However, the CMT does make the mistake of putting the SOF PSUK after the first few words of 25:18 and makes a new verse: 25:19.

However, the actual KOREN does not have this error or verse 25:19.

So if your text has this same error, it leads me to reason that your MAM/AJF is from the flawed CMT.

Both actual Hebrew Koren and Leningrad (BHS) do not have this error.

After I get your text parsed and integrated into the TorahBibleCodes program as a choice of codices, I will be able to confirm the precise letter comparison of MAM vs. the Koren vs. Leningrad to see how it compares, and if indeed it is the same text as the Koren which also claims to be from the Masorti Tradition - yet Koren was only published in the 1950s, so I wonder what is the source text of the Koren: could it be the Aleppo Codex?

bdenckla commented 4 months ago

The Koren and Leningrad (BHS) both do not have Numbers 25:19 - they have Numbers 25:18 followed by Numbers 26:1.

BHS absolutely has a few words that are identified as Numbers 25:19. I can post a picture in here if you like.

I don't know what you mean by referring to Leningrad in this context since of course the manuscript has no verse numbers.

And just to be clear, we are not talking about any editions missing (or adding) any CONTENT (words) here, we are just talking about where chapter and verse numbers are placed within the same words.

bdenckla commented 4 months ago

So if your text has this same error, it leads me to reason that your MAM/AJF is from the flawed CMT.

I see no error in any edition of MAM regarding this issue of the division between chapters 25 and 26 of Numbers. What do you think the error is (or might be)?

I can say with confidence that MAM is unrelated to the Michigan-Claremont transcription of the Koren.

MAM is distantly related to the famous Michigan-Claremont transcription of the BHS body text. (That transcription is now known as WLC but it has been called other things in its long past. Its first version came out in 1987 I believe.) Although MAM is only distantly related to WLC, we do still occasionally find errors in MAM inherited from WLC. (Or, sometimes we find things that are not exactly errors, but they are things that are not appropriate to MAM.)

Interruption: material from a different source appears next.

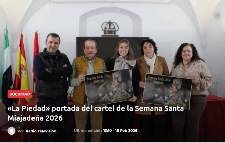 En la jornada de ayer, se presentaba, en rueda de prensa, de la mano de la Junta de Cofradías y la Comunidad Parroquial. Para conocer todos los detalles, no dejes de visitar el siguiente enlace a nuestro medio local municipal: https://rtvmiajadas.es/la-piedad-portada-del-cartel-de-la-semana-santa-miajadena-2026/?fbclid=IwY2xj...

So, MAM does inherit stuff from WLC. But there's no way MAM can inherit an error (or anything else) from the Michigan-Claremont transcription of the Koren because MAM is unrelated to that text.

TorahBibleCodes commented 4 months ago

For our TorahBibleCodes bible search software, we offer a choice of codices:

  1. The Leningrad Codex (BHS) from Sefaria of the entire Tanach, i.e. the WLC.
  2. (Since Koren does not agree to share their text for research) - The Claremont Michigan Transliteration of the Koren Torah (only) text that was used by Witztum, Rips, and Rosenberg (WRR) as well as their critics McKay et al. to run their Torah Codes experiments.

We would like to find the original Koren and/or other Masorti/Traditional Codex(ices) to offer the users the choice of Bible Codices to conduct their research.

Your MAM is suitable, and from the evidence, it seems that the MAM Torah is either the same as Koren (CMT), or taken from the same source that divided verses in exactly this way. I am curious to know the origin of the error, curious to know if your MAM is the same as Koren CMT as well as Koren (actual Hebrew) in letters and verse count.

I am working on parsing your MAM-AJF files, and using Numbers as my prototype to integrate your codex texts into the program.

TorahBibleCodes commented 4 months ago

Do you have another format perhaps of only the text letters, i.e. without the diacritic marks of NIQUD pronunciation marks?

TorahBibleCodes commented 4 months ago

It sounds from your previous answer above that you reckon that maybe your MAM is indeed from the WLC (BHS) Leningrad codex.

In the link above to the research data of Koren (CMT) vs. Leningrad (WLC / BHS), I publish the exact letter differences between the two codices of Leningrad vs. Koren (CMT).

Leningrad does not have this error of Numbers 25:19 that is within the Koren (CMT) so therefore the MAM code would suggest that your MAM is close to the Koren (CMT) codex - i.e. not Leningrad, but rather Koren.

I am wondering about the research question if the Koren / MAM (Masorti/Traditional) version of the Masoretic Text that is used by Jews is indeed a copy of the LOST ALEPPO CODEX... It was lost at about the same time that Koren first published (1950s).

The Leningrad has some differences in spelling from the Koren, but very minor: only matres lectionis, and thus prove how faithful ancient Jewish Scribes were in their copies: Leningrad vs. Koren is only different in YUDs and VAVs mostly, and a handful of ALEFs and HEYs - i.e. matres lectionis.

TorahBibleCodes commented 4 months ago

If you open your personal copy of the Koren Tanach, and open to Numbers 25, you will see that it ends at 25:18, and no 25:19 exists in the actual physical book.

It also does not exist in the Leningrad codex.

This proves to me that the Numbers 25:19 in Koren (CMT) is an error since otherwise the Koren vs. Leningrad agree in exact number of verses for the Torah.

bdenckla commented 4 months ago
  1. The Leningrad Codex (BHS) from Sefaria of the entire Tanach, i.e. the WLC.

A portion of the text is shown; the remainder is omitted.